Zehn Themen standen zur Wahl - vom CDU-Parteispendenskandal über die Starfighter-Affäre bis hin zu Enthüllungen rund um die Stasi. Mit der hat Bayerns Ex-Ministerpräsident Günther Beckstein seine ganz private Geschichte: DDR-Schnüffler hatten ein Gespräch mit seiner Frau abgehört. Der Inhalt: Der gemeinsame Sohn wird gewickelt und dafür werden Pampers-Windeln verwendet. So penibel niedergeschrieben fand Günther Beckstein es später im Protokoll der Stasi.
Eine andere Begebenheit berichtet Peer Steinbrück: Ein katholischer Pfarrer war es, der ihm 1968 in Italien Avancen machte. Solange, bis ein Freund Steinbrücks dem zudringlichen Kirchenmann drohte, „wenn er es fortsetzen würde, dann kriegt er einen aufs Maul." Der ungekürte SPD-Kanzlerkandidat erzählt diese Geschichte aus seiner Jugend, als es im Interview um Missbrauchsfälle in der katholischen Kirche geht - in den vergangenen Jahren immer wieder Thema der politischen Magazine.

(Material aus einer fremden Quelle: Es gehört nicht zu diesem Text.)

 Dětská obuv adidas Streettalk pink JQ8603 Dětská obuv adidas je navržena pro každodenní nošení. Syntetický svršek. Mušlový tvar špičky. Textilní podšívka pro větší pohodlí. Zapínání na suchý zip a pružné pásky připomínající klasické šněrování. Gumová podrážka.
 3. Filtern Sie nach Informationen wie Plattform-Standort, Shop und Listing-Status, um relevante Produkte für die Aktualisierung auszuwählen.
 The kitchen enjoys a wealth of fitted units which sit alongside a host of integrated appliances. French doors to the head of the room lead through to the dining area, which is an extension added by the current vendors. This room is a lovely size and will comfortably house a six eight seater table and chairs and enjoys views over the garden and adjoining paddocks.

Neben Steinbrück und Beckstein kommentieren und erzählen Politiker wie Claudia Roth und Wolfgang Gerhard, die Moderatoren Marcel Reif und Sandra Maischberger sowie Künstler wie Marius Müller-Westernhagen und Dieter Nuhr, welche Erinnerungen und besonderen Beziehungen sie zur Berichterstattung von „Panorama", „Monitor", „Report München", „Report Mainz", „Fakt" und „Kontraste" haben. In einem sind sich alle einig: Die ARD-Politikmagazine haben die Geschichte der Bundesrepublik bis heute in besonderer Weise geprägt. Immer wieder haben sie mit Enthüllungen Schlagzeilen gemacht, sich in politische Diskussionen eingemischt und Missstände aufgedeckt.

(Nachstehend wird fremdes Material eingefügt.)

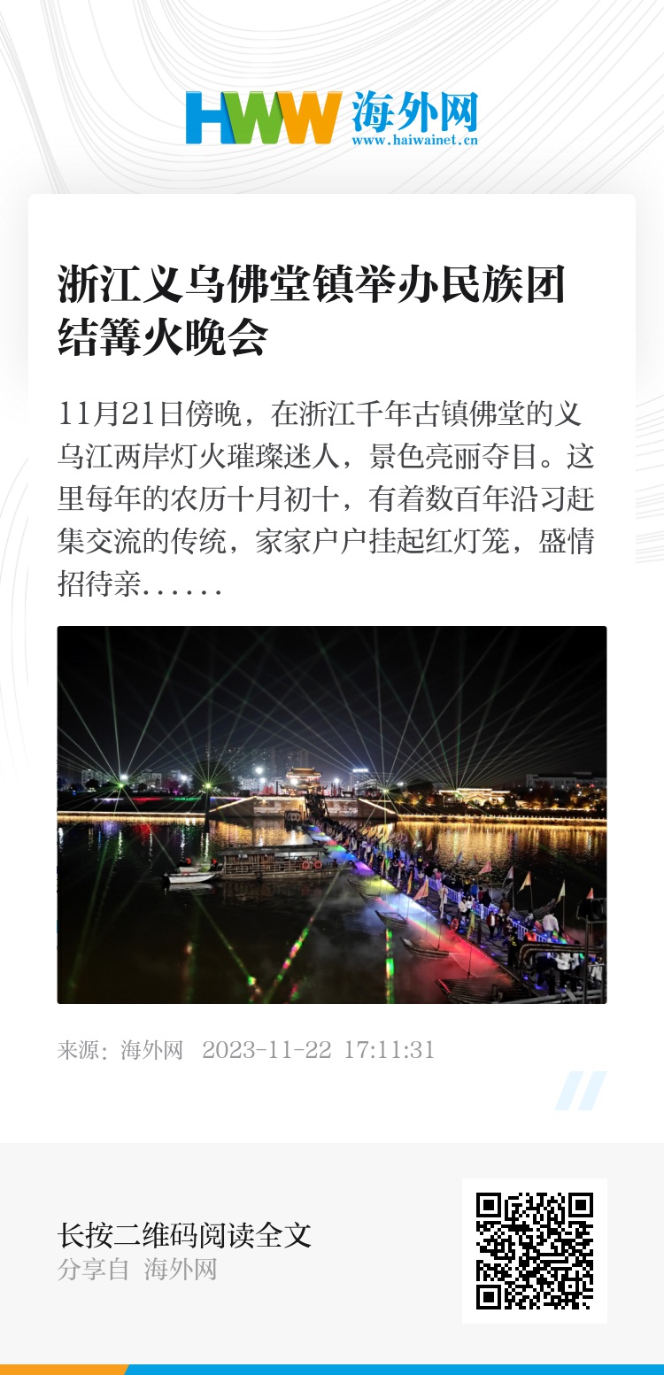 11月21日傍晚,在浙江千年古镇佛堂的义乌江两岸灯火璀璨迷人,景色亮丽夺目。这里每年的农历十月初十,有着数百年沿习赶集交流的传统,家家户户挂起红灯笼,盛情招待亲朋好友和南来北往的商客。今日,因疫情沉静了三年的义乌侬,还有众多来自五湖四海的民族兄弟姐妹,不约而同地相约佛堂镇,参加一场规模宏大的“中华民族一家亲·同心共筑中国梦”为主题的民族团结篝火晚会,用最传统的民俗“文化大餐”,载歌载舞,喜庆共富、祥和的“古镇之夜”。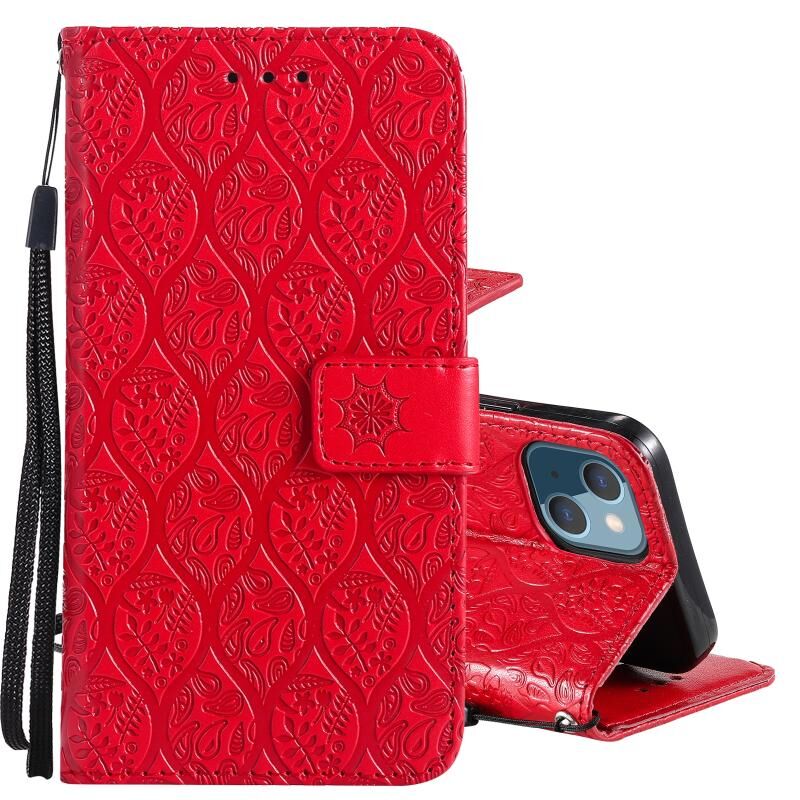 Θήκη για iPhone 13 με ανάγλυφο σχέδιο λουλουδιών από ρατάν, οριζόντια, από δερματίνη PU με βάση στήριξης, θήκες για κάρτες, πορτοφόλι & κορνίζα φωτογραφιών (Μπλε)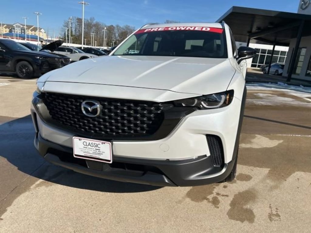 This 2025 Mazda CX-50 comes equipped with the following features Weather Package (Cargo Liner w/Seatback Protection), 12 Speakers, 4-Wheel Disc Brakes, ABS brakes, Air Conditioning, Alloy wheels, AM/FM radio: SiriusXM, AppLink/Apple CarPlay and Android Auto, Auto High-beam Headlights, Automatic temperature control, Brake assist, Bumpers: body-color, Delay-off headlights, Driver door bin, Driver vanity mirror, Dual front impact airbags, Dual front side impact airbags, Electronic Stability Control, Emergency communication system: MAZDA CONNECT, Exterior Parking Camera Rear, Front & Rear Splash Guards, Front anti-roll bar, Front Bucket Seats, Front Center Armrest, Front dual zone A/C, Front reading lights, Front wheel independent suspension, Fully automatic headlights, Half Leatherette Seat Trim, Heated door mirrors, Heated front seats, Heated Front Seats w/3 Level Adjustment, Illuminated entry, Knee airbag, Leather Shift Knob, Leather steering wheel, Low tire pressure warning, Occupant sensing airbag, Outside temperature display, Overhead airbag, Overhead console, Panic alarm, Passenger door bin, Passenger vanity mirror, Power door mirrors, Power driver seat, Power Liftgate, Power moonroof, Power steering, Power windows, Radio data system, Radio: AM/FM/HD Bose 12-Speaker Audio Sound System, Rain sensing wipers, Rear seat center armrest, Rear window defroster, Rear window wiper, Remote keyless entry, Speed control, Speed-sensing steering, Split folding rear seat, Spoiler, Steering wheel mounted audio controls, Tachometer, Telescoping steering wheel, Tilt steering wheel, Traction control, Trip computer, Turn signal indicator mirrors, Variably intermittent wipers, Wheels: 17 x 7J Aluminum Alloy Black Metallic Finish, and Wind Chill Pearl Paint Charge. Clean CARFAX. 2025 Mazda CX-50 2.5 S Premium Package AWD SKYACTIV® 2.5L 4-Cylinder DOHC 16V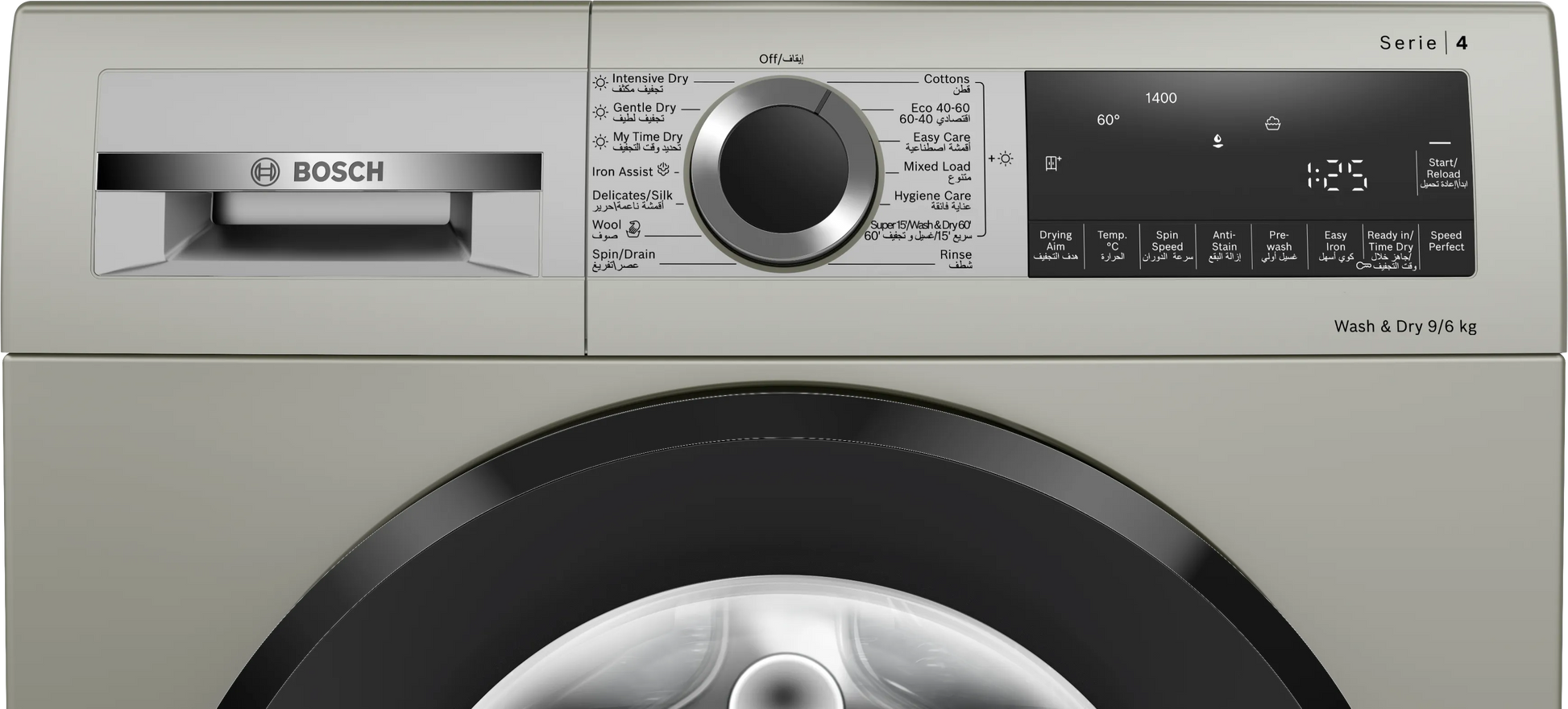 Bosch WNA244XSGC has 1400 RPM With a 9 kg wash capacity and 6 kg dry capacity, it’s “Wash & Dry 60 min” programme lets you wash and dry a small load in just one hour, while the SpeedPerfect option cleans up to 65% faster than standard cycles.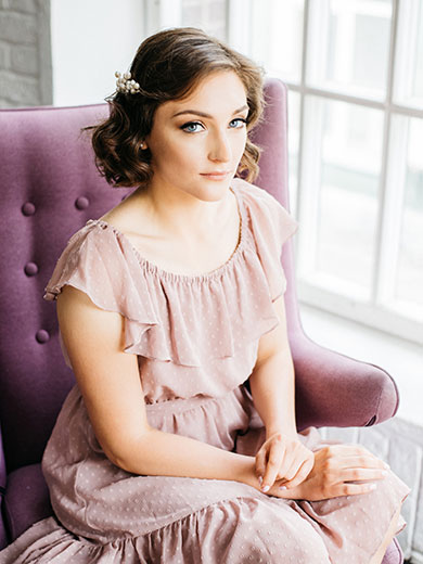 Стилисты предлагают сосредоточиться на объеме и текстуре, за счет чего волосы уже выглядят интересно. На короткой длине без проблем получится сделать тонкие французские косички на висках. Ретро в духе 20-х годов прошлого века с украшениями в стиле ар-деко или ар-нуво станут идеальным дополнением и для платья с высокой талией, и для наряда невесты с корсетом.

Mit „Skandal! Affäre! Enthüllung!" probiert Das Erste zum ersten Mal eine neue Form der Jubiläumssendung aus. So genannte Votingformate, also Sendungen, bei denen das Zuschauervotum die Präsentation von Beiträgen bestimmt, sind bislang vor allem in der Unterhaltung erfolgreich. Die Koproduktion von NDR und SWR wendet dieses Prinzip jetzt auf investigative Berichterstattung an.
Die Autoren Dominique Ziesemer (NDR) und Benjamin Cors (SWR) haben für das Projekt hunderte Stunden Archivmaterial gesichtet und ausgewertet, um einen attraktiven, spannenden Themenmix auszuwählen. Benjamin Cors vom SWR in Mainz, der bereits den Film „60 Jahre ARD" produziert hat, sagt: „Wichtig für uns war es, dass wir wirklich aus jedem Jahrzehnt Themen finden, dass wir ‚Dauerbrenner‘ der Magazine genauso berücksichtigen, wie einzelne herausragende oder besonders umstrittene Filme." Dominique Ziesemer ergänzt: „Natürlich müssen sich auch die Promis, die wir interviewen, spontan an die Geschichten erinnern können. Schließlich wollen wir keinen Film für ‚Magazininsider‘ machen, sondern echtes Erinnerungsfernsehen." Dominique Ziesemer hat das einzige Quiz rund um die deutsche TV-Geschichte „Wer hat's gesehen?" erfunden und etliche Votingformate produziert.
Die Idee für „Skandal! Affäre! Enthüllung!" ist im NDR entstanden. Redakteur Stephan Brünjes, Chef von Dienst im Programmbereich Zeitgeschehen, konnte dabei auf Erfahrungen aus dem NDR Fernsehen zurückgreifen: „Das Votingformat ‚Die größten Schlagzeilen der Politik‘ lief bei uns im Dritten ausgesprochen erfolgreich. Das hat uns gezeigt, dass die Zuschauer durchaus Interesse an dieser neuen Art des Erinnerungsfernsehens haben." Redakteur Adrian Peter, Chef vom Dienst bei „Report Mainz" ergänzt: „Gerade über das Internet und social media haben wir hier die Chance, Zuschauer anzusprechen, die nicht ohnehin regelmäßig die politischen Magazine sehen. Damit ist natürlich die Hoffnung verbunden, auch jüngere Menschen für die Inhalte von Politikmagazinen zu begeistern."